NABU $\mathrm{-}$ Multilingual Graph-based Neural RDF Verbalizer
Diego Moussallem, Dwaraknath Gnaneshwar, Thiago Castro Ferreira, and Axel-Cyrille Ngonga Ngomo

TL;DR
NABU is a multilingual graph-based neural model that converts RDF data into natural language text in English, German, and Russian, outperforming existing models especially in English, and demonstrating the potential of knowledge graphs for multilingual text generation.
Contribution
This paper introduces NABU, the first multilingual graph-based neural RDF verbalizer that effectively generates text in three languages using a unified encoder-decoder architecture.
Findings
NABU outperforms state-of-the-art models on English RDF verbalization with 66.21 BLEU.
NABU achieves consistent multilingual performance with 56.04 BLEU across languages.

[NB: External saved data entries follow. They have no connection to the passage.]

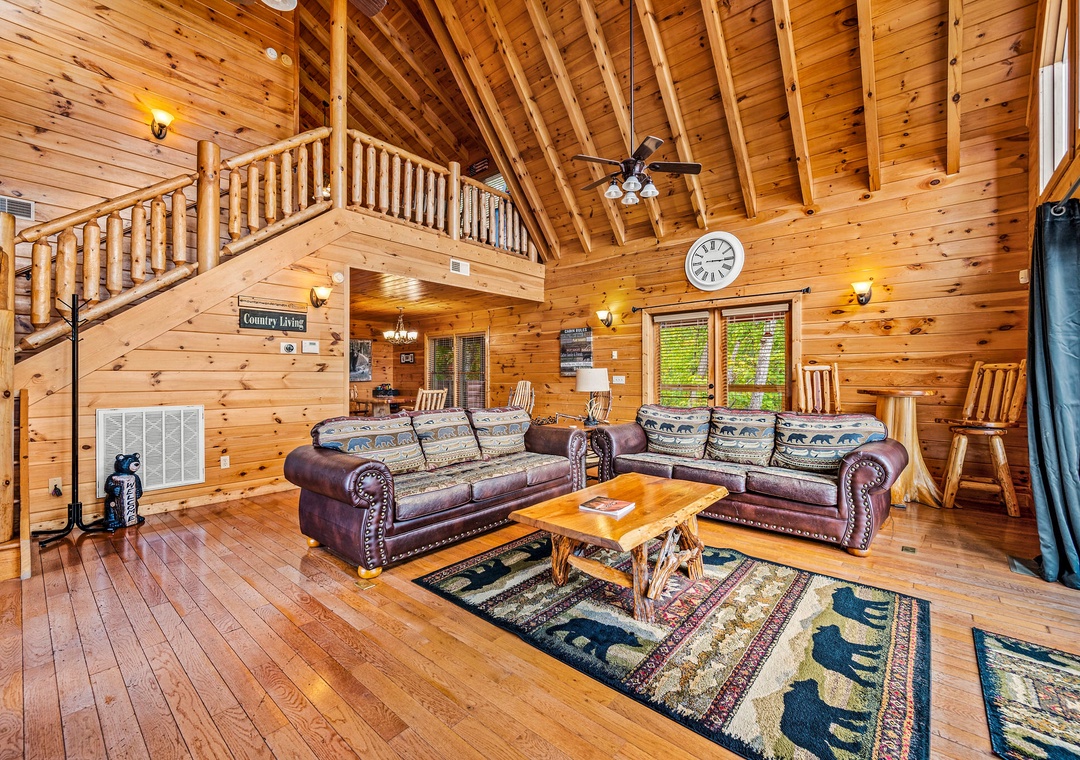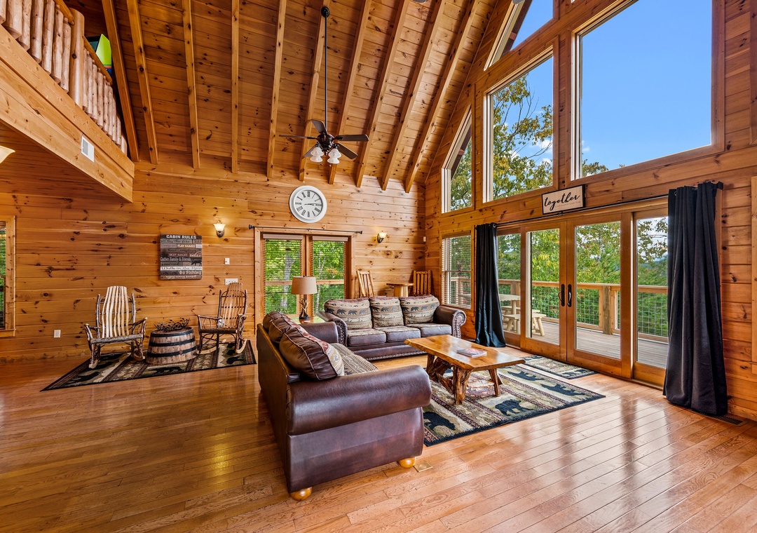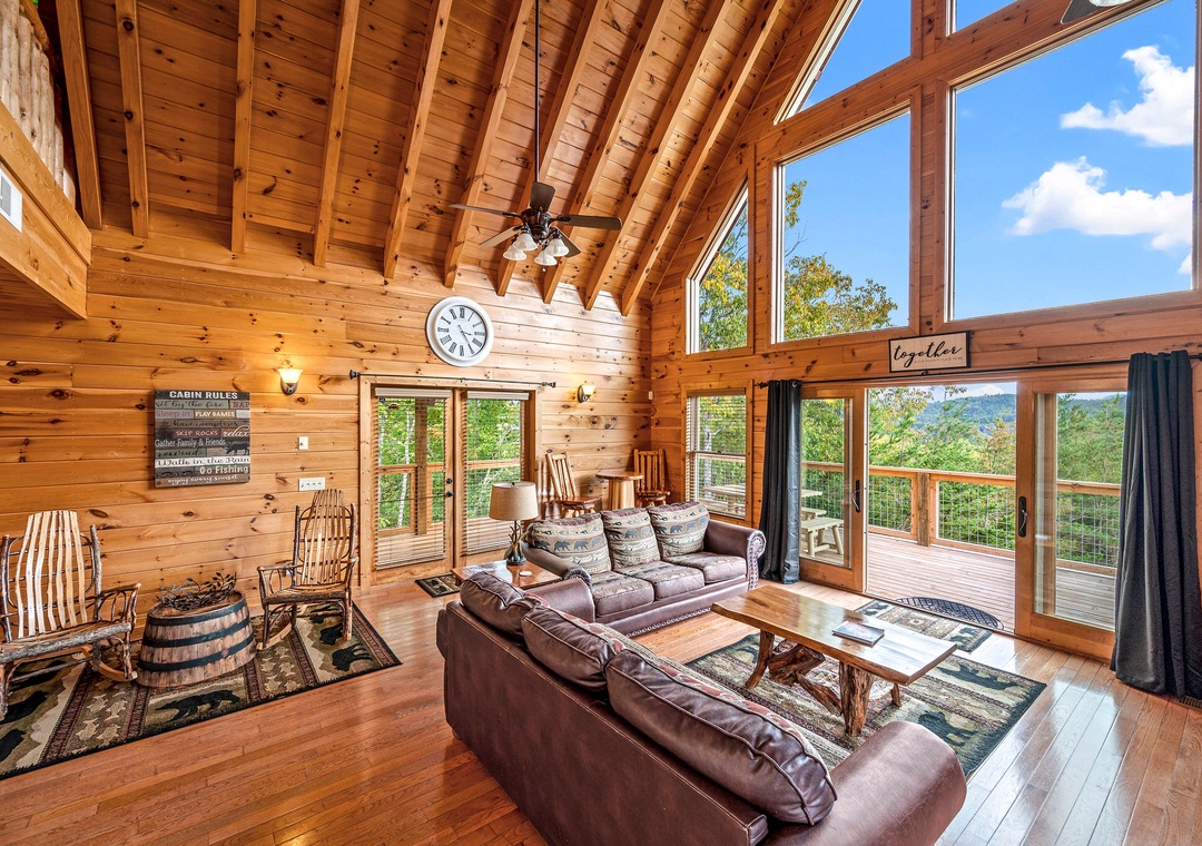 Newly furnished lodge with modern mountain decor; Open living room with soaring ceilings and large stone fireplace, comfy leather furniture and tons of windows with views; Smart TVs throughout; Modern and fully equipped Kitchen; Large Dining Area; Separate Game Room with Pool Table; Free WiFi
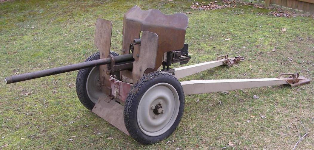 | Left side of the 25mm 1934 Hotchkiss AT Cannon, above photo. In 1926, Hotchkiss of Paris France proposed an in-house 25 mm cannon design that was eventually accepted for service in 1934. The design was given the designation: Canon de 25 mm semi-automatique modèle 1934. During the German invasion of France between May and June of 1940, the 25mm Hotchkiss was the main anti-tank weapon of the French infantry. This 25mm Hotchkiss Cannon had been in service with the French Army for 6 years in 1940. When the British Expeditionary Force landed in France in 1939, insufficient numbers of anti-tank weapons were available. The French Army issued the Canon de 25 to the British, which became known to the British as Anti-Tank Gun, 25 mm Hotchkiss, Mark I on 25 mm Carriage, Mark I. After the fall of France to Germany on June 22, 1940. Examples of the 25mm Hotchkiss A.T. Cannon captured by the German forces were operationally used under the designation 2,5 cm Pak 112(f). Finland purchased approximately 50 French 25 mm antitank guns from France during the Winter War of 1939/1940, but approximately 40 of them were delivered by February 1940 through Norway. The remaining ten guns were captured by the Germans when they invaded Norway in spring of 1940. During Interim Peace, Germany sold 200 captured guns to Finland. 133 of them were Model 1934 and 67 were Model 1937, and they were designated 25 PstK/34 and 25 PstK/37, respectively by the Finnish Army. They were withdrawn from front-line use by 1943 due to the increase in size and strength of Soviet Armor. This 25mm Hotchkiss Anti-Tank Cannon carries a Finnish nomenclature plate that shows repair or inspection with the Finnish Army during 1941 and again in 1942. This 1934 25mm French Hotchkiss Anti-Tank Gun was imported into the United States in the 1960's from Finland. It was purchased by QuestMasters in 2012. It is currently demilitarized to BATFE standards and is not currently a destructive device. This cannon is currently pending complete restoration. |
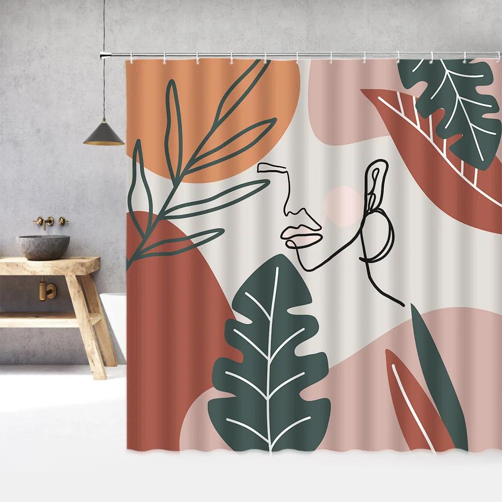 Modern Abstract Face Shower Curtain, Simple Female Silhouettes Pastel Colors Line Color Bath Curtain for Bathroom with Hooks
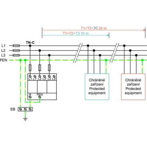 Svodiče impulzních proudů a rázového přepětí typu T1+T2+T3. Výrobky jsou složeny z varistorů s velkou svodovou schopností. V provedení 1+1 a 3+1 a HLSA25G jsou navíc v kombinaci s bleskojistkou, která zajišťuje nulový průsakový proud vodičem PE. Vhodné pro objekty s uvažovanou hladinou ochrany LPL I a LPL II. Instalují se na rozhraní zón LPZ 0 – LPZ 1 a vyšší, co nejblíže vstupu kabelového vedení do objektu – hlavních rozvaděčů. V případě instalace svodiče označeného T1+T2+T3 v hlavním rozvaděči je nezbytné instalovat také svodiče přepětí T2 a T3 v podružných rozvaděčích. Pokud výrobek obsahuje dvě svorky PE (resp. PEN), nesmí být použity jako můstek PE (PEN). Označení S specifikuje provedení s dálkovou signalizací. Instaluje se dle norem: ČSN EN 62305 ed. 2, ČSN 33 2000-5-534 ed. 2, ČSN CLC/TS 61643-12.
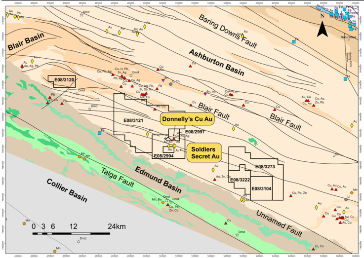 The project area is underlain by Proterozoic sedimentary rocks of the Ashburton Basin, a WNW to ESE trending basin of folded sediments that includes siltstone, sandstone, shale and carbonate units within the project area. Throughout the Ashburton Basin, abundant Gold and Base Metal occurrences, including the Mt Olympus Gold Deposits located ~100kms to the west, are spatially associated with major WNW to ESE-trending fault and fold structures. Several of these regional mineralisation-controlling fault structures traverse the project area, with multiple faults converging in the south of the project near the major lithospheric domain boundary with the Edmund Basin to the south.
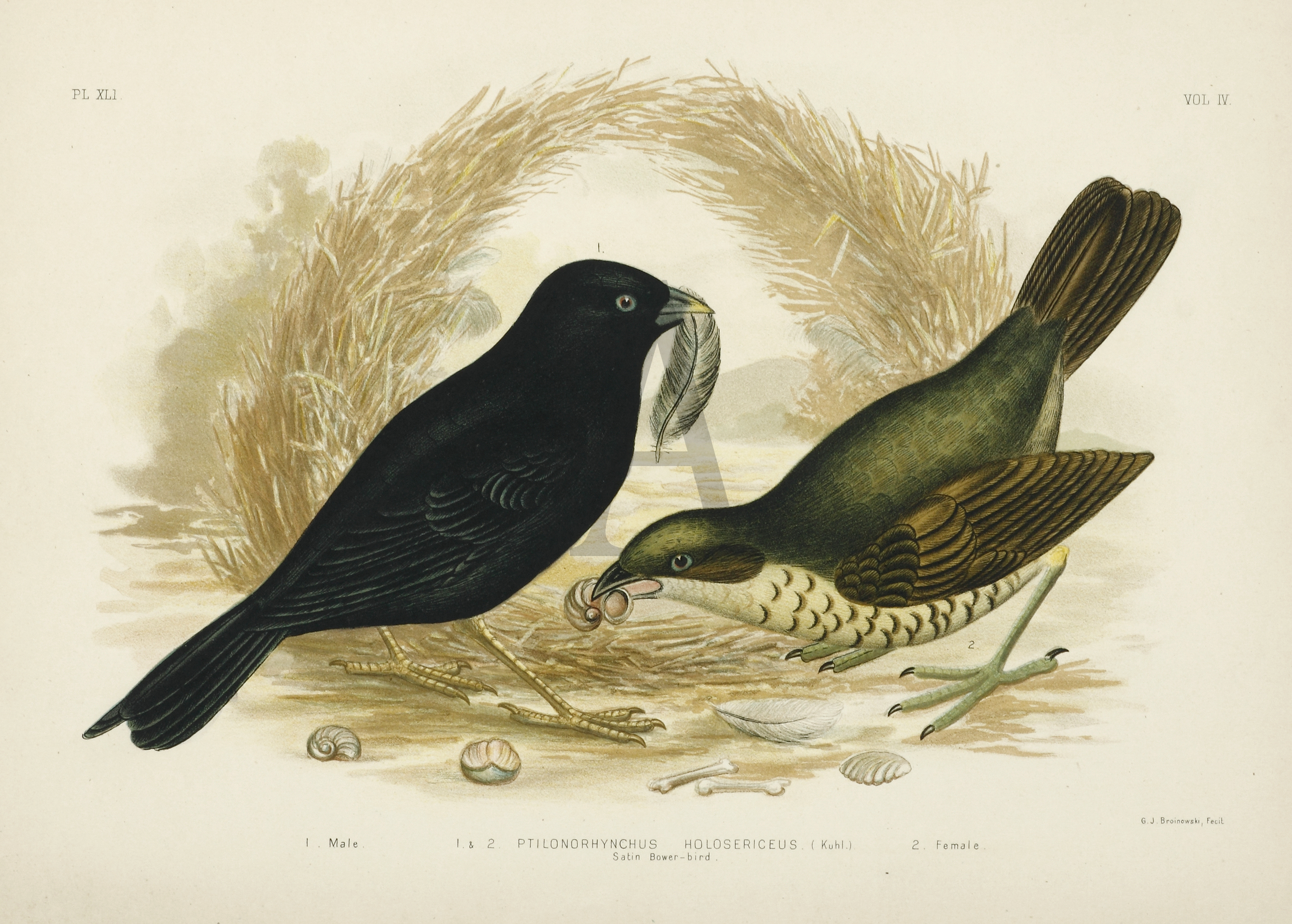 Modern common name: Satin Bowerbird Modern binomial name: Ptilonorhynchus violaceus First described: Vieillot 1816. Distribution VIC NSW & QLD From Gracius Broinowski (1837-1913) The Birds of Australia . References: Ferguson, J. A. Bibliography of Australia Volumes 1-8, Canberra 1976 7458. Collections: … Read Full Description
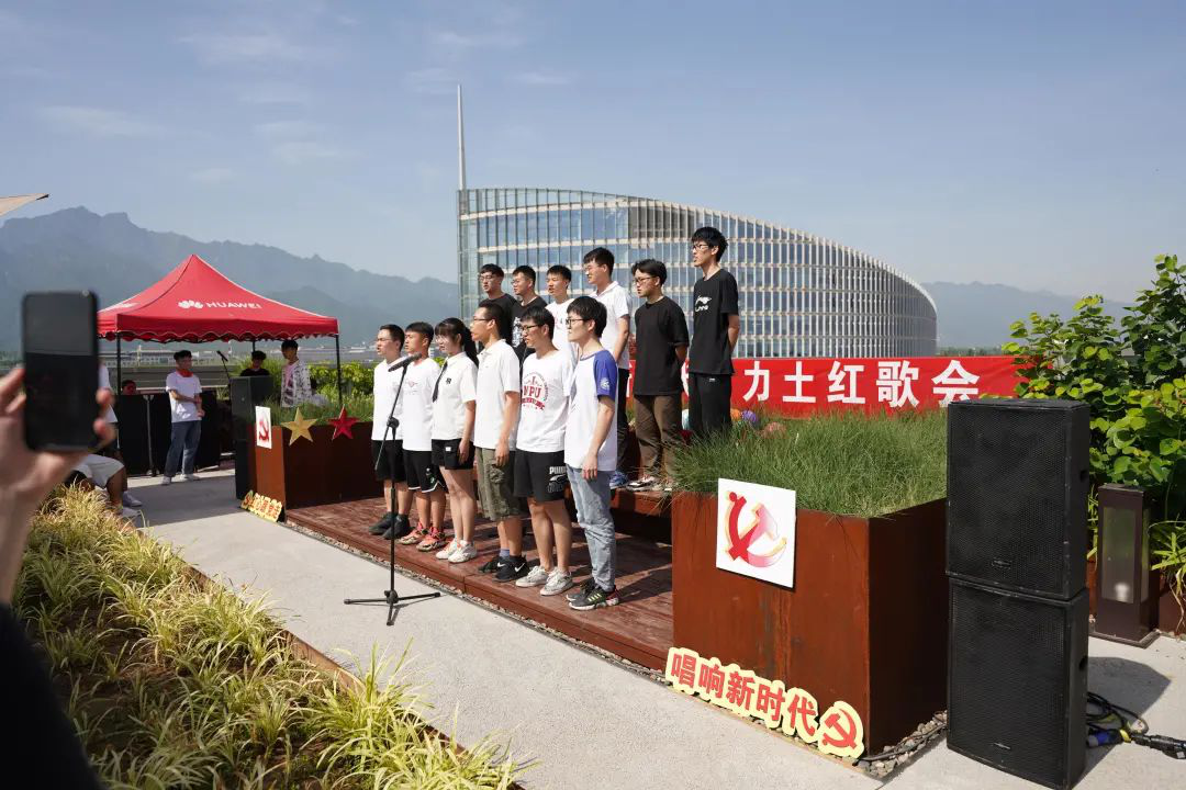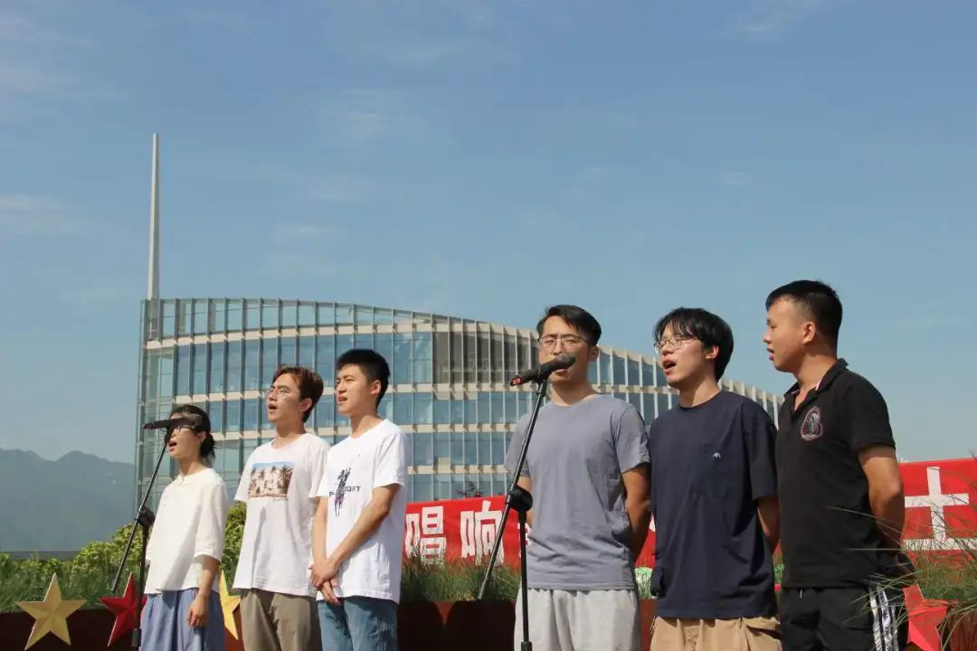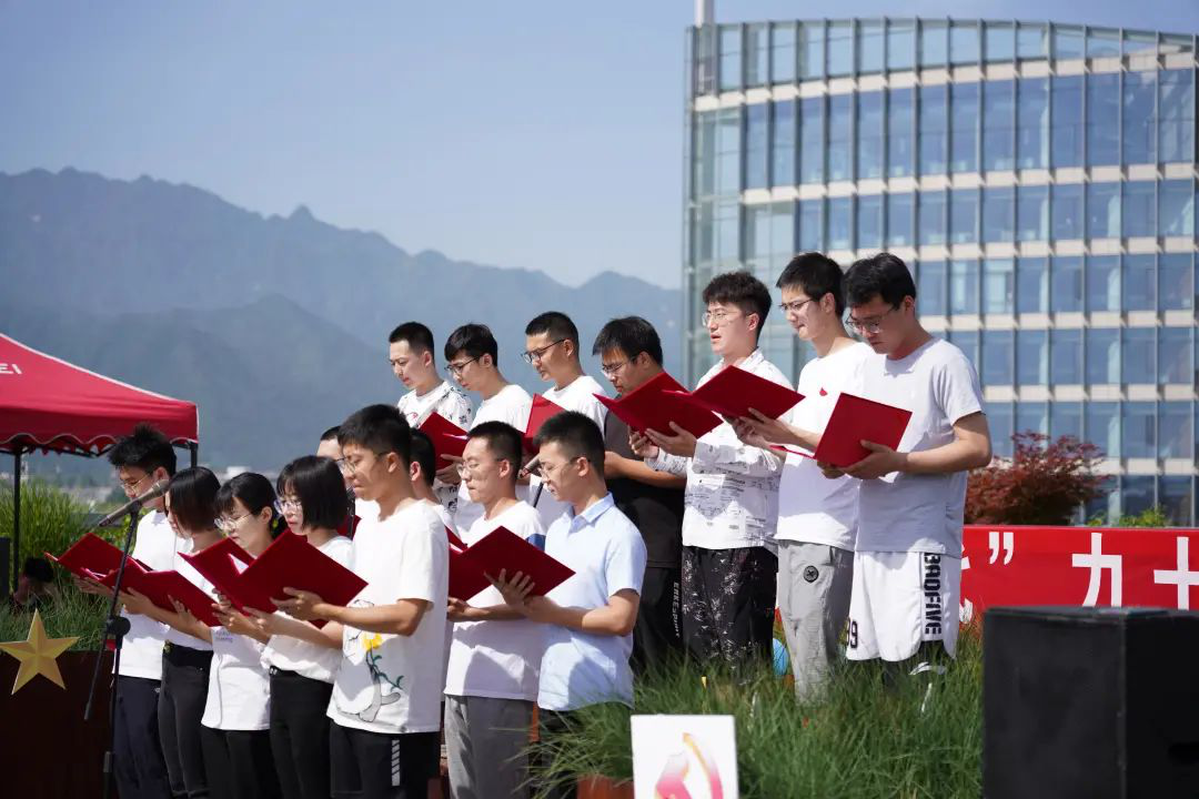 随后,其他员工团体陆续进行了红歌合唱:研究生一支部、六支部和十支部的《精忠报国》
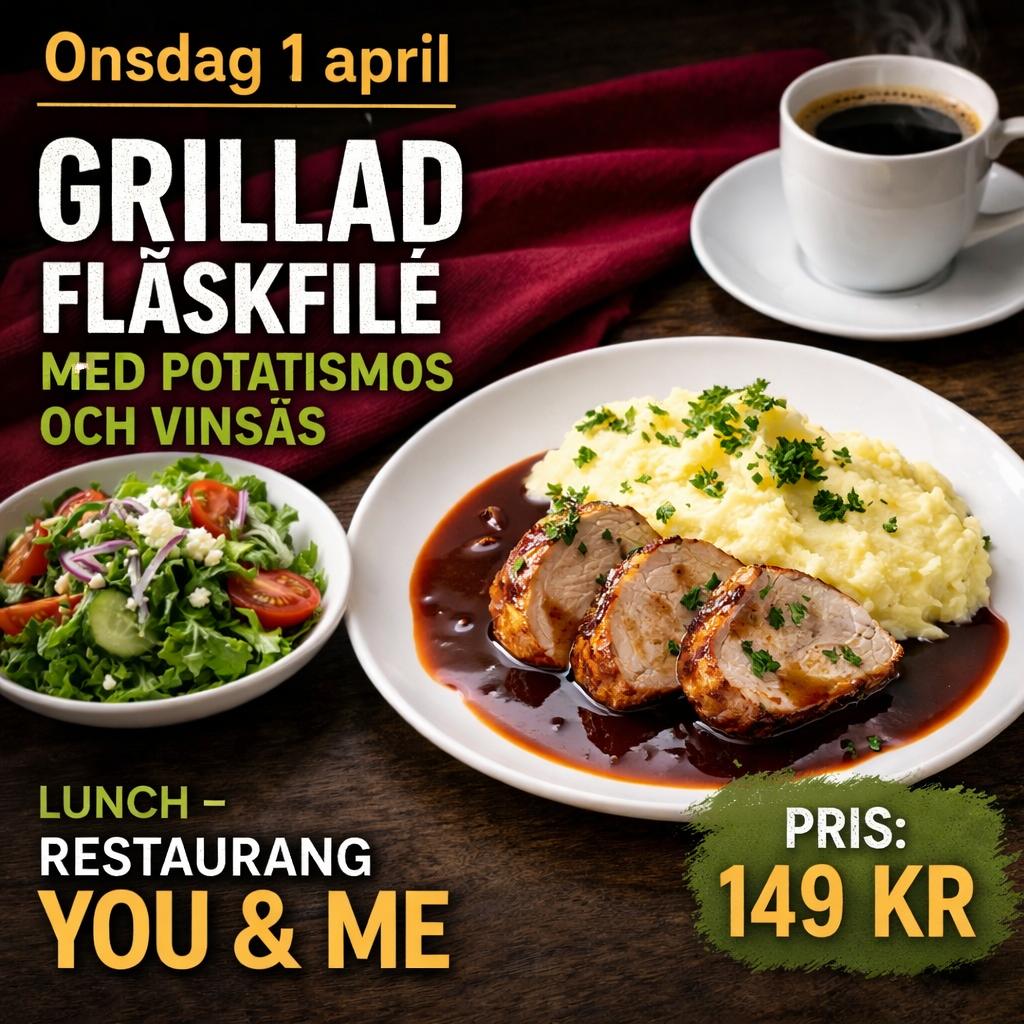 På Restaurang You & Me erbjuder vi en varm och inbjudande miljö där varje måltid är noga tillagad för att skapa en unik smakupplevelse. Vår passion för kvalitet och genuint sällskap gör oss till det självklara valet för din nästa middag.

The model demonstrates the viability of using knowledge graphs for multilingual natural language generation.
Abstract
The RDF-to-text task has recently gained substantial attention due to continuous growth of Linked Data. In contrast to traditional pipeline models, recent studies have focused on neural models, which are now able to convert a set of RDF triples into text in an end-to-end style with promising results. However, English is the only language widely targeted. We address this research gap by presenting NABU, a multilingual graph-based neural model that verbalizes RDF data to German, Russian, and English. NABU is based on an encoder-decoder architecture, uses an encoder inspired by Graph Attention Networks and a Transformer as decoder. Our approach relies on the fact that knowledge graphs are language-agnostic and they hence can be used to generate multilingual text. We evaluate NABU in monolingual and multilingual settings on standard benchmarking WebNLG datasets. Our results show that NABU…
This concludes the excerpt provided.